WORK ORDER: The answer is the exact run of lines in the listing below from the line containing "Elegant brown snake-print" up to and including the line containing "9月18日(土)アビスパ福岡", with pictures removed.

DATASET EXCERPTS:
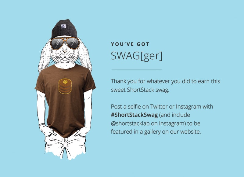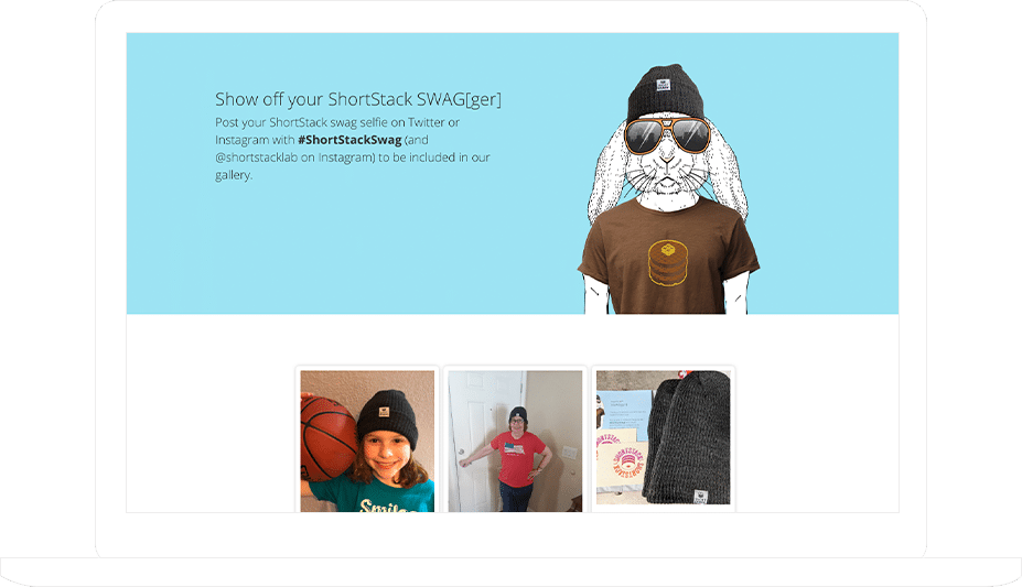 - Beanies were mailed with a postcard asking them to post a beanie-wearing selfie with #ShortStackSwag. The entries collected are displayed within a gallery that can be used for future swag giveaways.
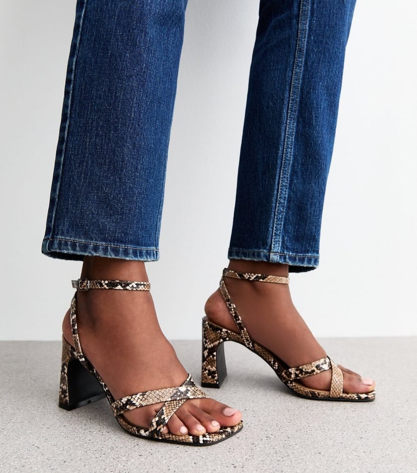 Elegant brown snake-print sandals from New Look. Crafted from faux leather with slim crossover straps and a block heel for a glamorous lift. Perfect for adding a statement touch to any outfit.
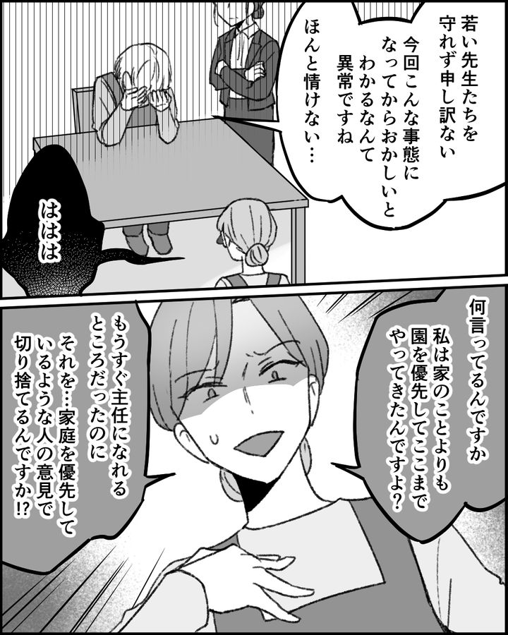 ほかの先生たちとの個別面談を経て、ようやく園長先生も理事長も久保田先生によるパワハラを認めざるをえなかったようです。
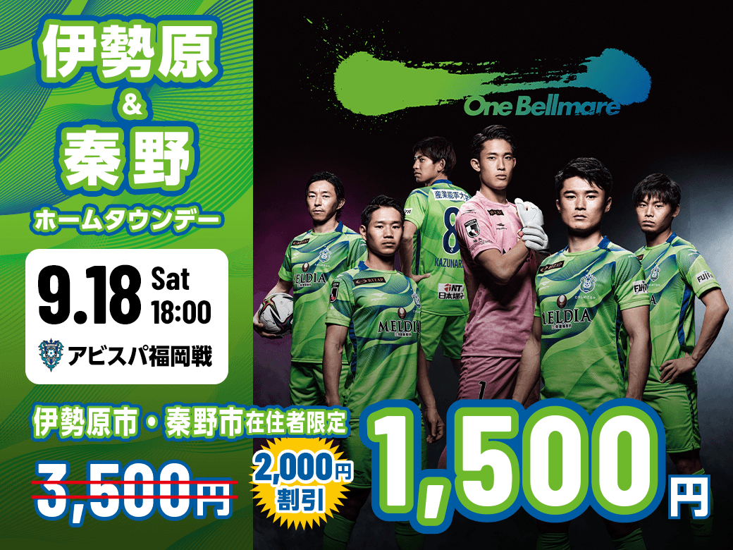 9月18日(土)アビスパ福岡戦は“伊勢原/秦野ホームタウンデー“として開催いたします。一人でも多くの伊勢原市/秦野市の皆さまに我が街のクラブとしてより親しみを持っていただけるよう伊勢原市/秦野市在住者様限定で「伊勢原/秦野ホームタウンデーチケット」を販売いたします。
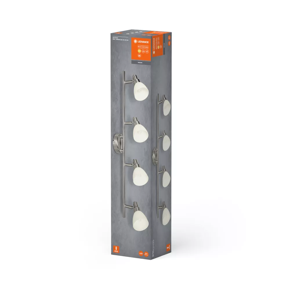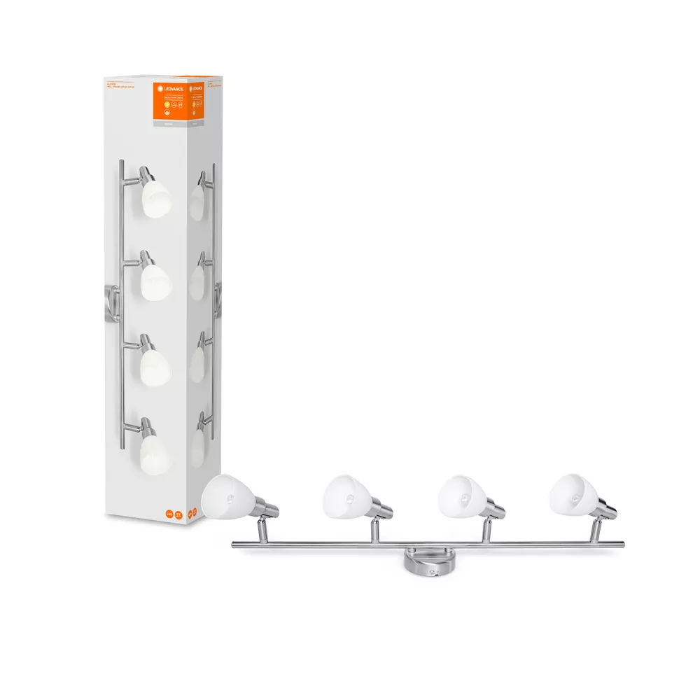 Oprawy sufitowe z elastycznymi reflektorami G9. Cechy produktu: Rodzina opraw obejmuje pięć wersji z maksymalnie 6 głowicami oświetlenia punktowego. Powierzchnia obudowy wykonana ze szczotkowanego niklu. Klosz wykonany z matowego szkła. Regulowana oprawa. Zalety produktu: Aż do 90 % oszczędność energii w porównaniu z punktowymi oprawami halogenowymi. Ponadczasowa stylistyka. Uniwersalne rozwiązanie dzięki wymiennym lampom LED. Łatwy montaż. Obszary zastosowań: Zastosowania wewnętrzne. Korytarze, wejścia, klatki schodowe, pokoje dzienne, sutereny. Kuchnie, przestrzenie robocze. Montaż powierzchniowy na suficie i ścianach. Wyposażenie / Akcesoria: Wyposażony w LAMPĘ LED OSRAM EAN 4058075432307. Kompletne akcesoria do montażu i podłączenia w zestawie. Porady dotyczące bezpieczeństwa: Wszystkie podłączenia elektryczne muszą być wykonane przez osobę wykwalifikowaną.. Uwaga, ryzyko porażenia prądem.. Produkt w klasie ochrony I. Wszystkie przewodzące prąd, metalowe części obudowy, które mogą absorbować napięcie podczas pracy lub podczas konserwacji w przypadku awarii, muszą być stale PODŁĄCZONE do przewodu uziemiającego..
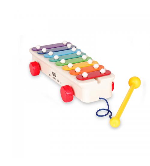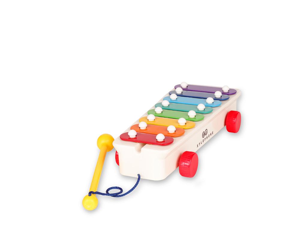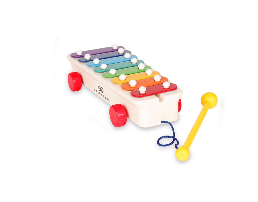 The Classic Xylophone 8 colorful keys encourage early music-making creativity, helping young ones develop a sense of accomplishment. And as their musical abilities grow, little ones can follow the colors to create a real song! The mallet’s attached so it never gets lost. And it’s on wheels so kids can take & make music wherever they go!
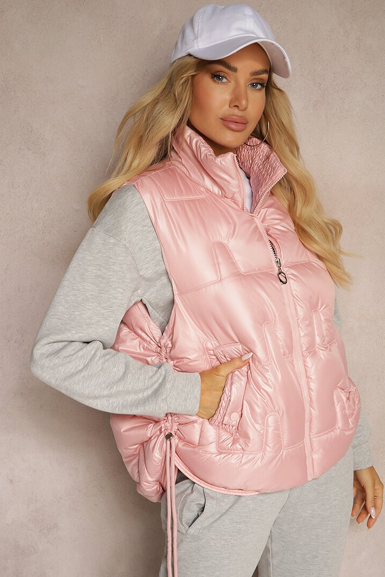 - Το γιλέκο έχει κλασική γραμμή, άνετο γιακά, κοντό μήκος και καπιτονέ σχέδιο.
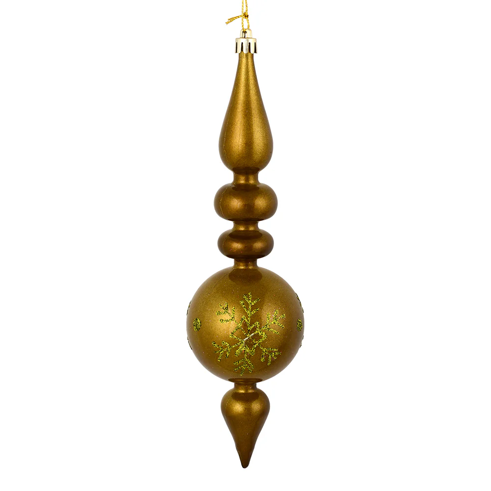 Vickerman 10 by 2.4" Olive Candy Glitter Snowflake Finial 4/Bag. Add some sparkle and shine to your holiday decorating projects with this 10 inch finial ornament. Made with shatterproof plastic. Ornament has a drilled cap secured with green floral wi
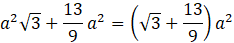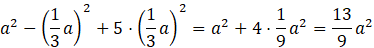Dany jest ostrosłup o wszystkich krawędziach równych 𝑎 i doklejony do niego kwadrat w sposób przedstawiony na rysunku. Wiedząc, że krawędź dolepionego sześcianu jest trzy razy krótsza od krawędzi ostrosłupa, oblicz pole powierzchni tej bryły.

* * *

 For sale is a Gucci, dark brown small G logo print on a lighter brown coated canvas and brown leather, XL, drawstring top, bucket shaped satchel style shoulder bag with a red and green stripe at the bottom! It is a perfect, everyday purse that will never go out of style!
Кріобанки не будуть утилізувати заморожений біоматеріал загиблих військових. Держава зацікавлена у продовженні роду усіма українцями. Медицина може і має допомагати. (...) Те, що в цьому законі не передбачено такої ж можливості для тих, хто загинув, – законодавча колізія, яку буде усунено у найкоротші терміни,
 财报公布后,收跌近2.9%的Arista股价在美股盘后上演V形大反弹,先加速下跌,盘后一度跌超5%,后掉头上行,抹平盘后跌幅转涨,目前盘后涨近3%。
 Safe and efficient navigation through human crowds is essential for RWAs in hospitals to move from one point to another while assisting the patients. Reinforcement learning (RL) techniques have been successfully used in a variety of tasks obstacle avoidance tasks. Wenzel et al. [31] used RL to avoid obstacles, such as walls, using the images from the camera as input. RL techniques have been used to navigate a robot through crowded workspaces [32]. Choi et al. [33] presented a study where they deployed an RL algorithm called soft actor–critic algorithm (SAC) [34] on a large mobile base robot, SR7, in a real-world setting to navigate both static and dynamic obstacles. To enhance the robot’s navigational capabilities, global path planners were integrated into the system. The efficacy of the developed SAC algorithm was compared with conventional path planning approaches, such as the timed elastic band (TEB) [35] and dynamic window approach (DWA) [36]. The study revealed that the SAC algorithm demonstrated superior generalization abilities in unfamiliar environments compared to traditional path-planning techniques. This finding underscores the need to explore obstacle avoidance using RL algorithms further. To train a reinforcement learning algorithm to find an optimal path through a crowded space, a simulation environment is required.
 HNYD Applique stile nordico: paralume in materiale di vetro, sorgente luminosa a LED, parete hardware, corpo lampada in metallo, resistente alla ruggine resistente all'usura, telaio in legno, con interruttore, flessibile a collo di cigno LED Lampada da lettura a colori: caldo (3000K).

---

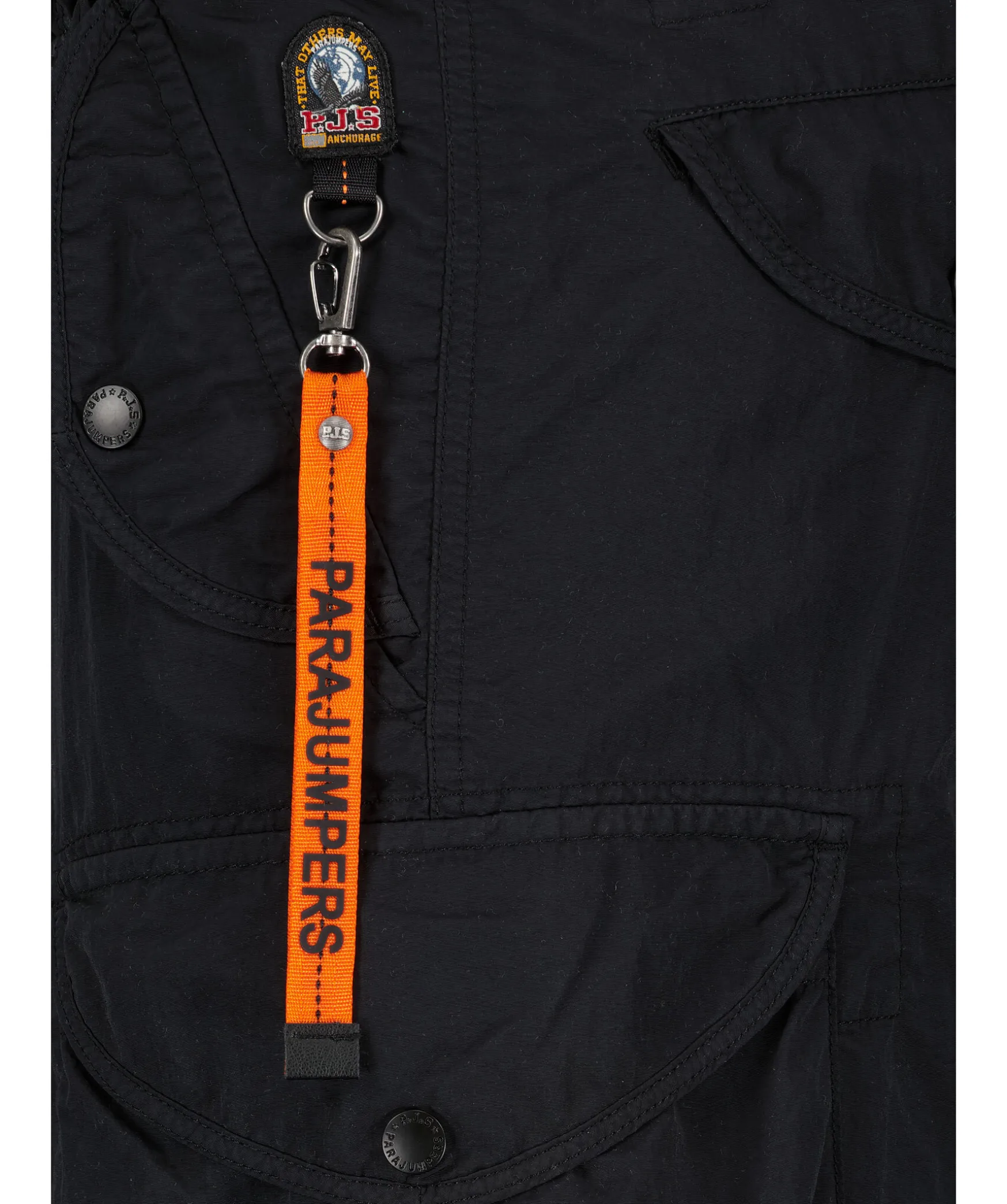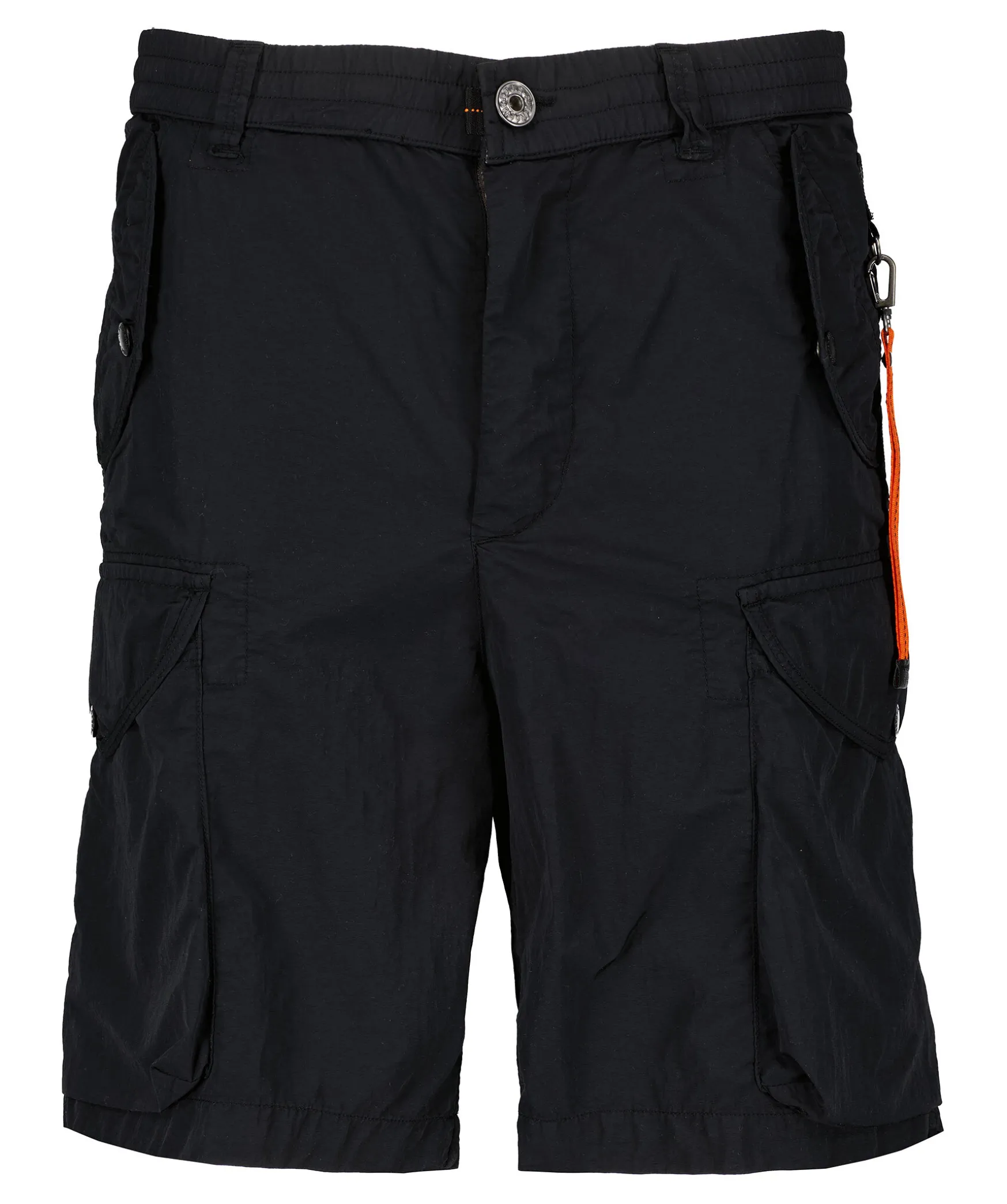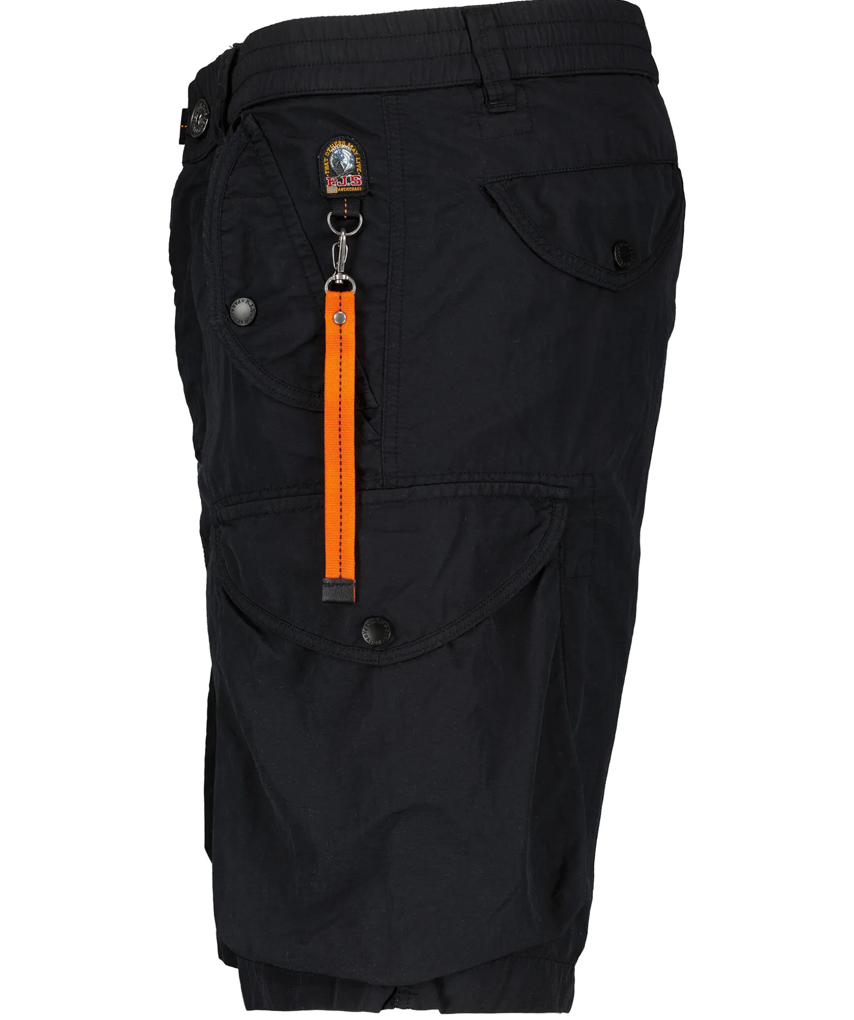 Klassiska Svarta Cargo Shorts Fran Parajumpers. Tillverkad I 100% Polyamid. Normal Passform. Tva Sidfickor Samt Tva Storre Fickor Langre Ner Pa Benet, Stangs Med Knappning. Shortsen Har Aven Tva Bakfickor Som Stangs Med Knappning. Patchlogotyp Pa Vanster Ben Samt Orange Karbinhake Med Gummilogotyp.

ANSWER TO THE PROBLEM:
 Elegant brown snake-print sandals from New Look. Crafted from faux leather with slim crossover straps and a block heel for a glamorous lift. Perfect for adding a statement touch to any outfit.
 ほかの先生たちとの個別面談を経て、ようやく園長先生も理事長も久保田先生によるパワハラを認めざるをえなかったようです。
 9月18日(土)アビスパ福岡戦は“伊勢原/秦野ホームタウンデー“として開催いたします。一人でも多くの伊勢原市/秦野市の皆さまに我が街のクラブとしてより親しみを持っていただけるよう伊勢原市/秦野市在住者様限定で「伊勢原/秦野ホームタウンデーチケット」を販売いたします。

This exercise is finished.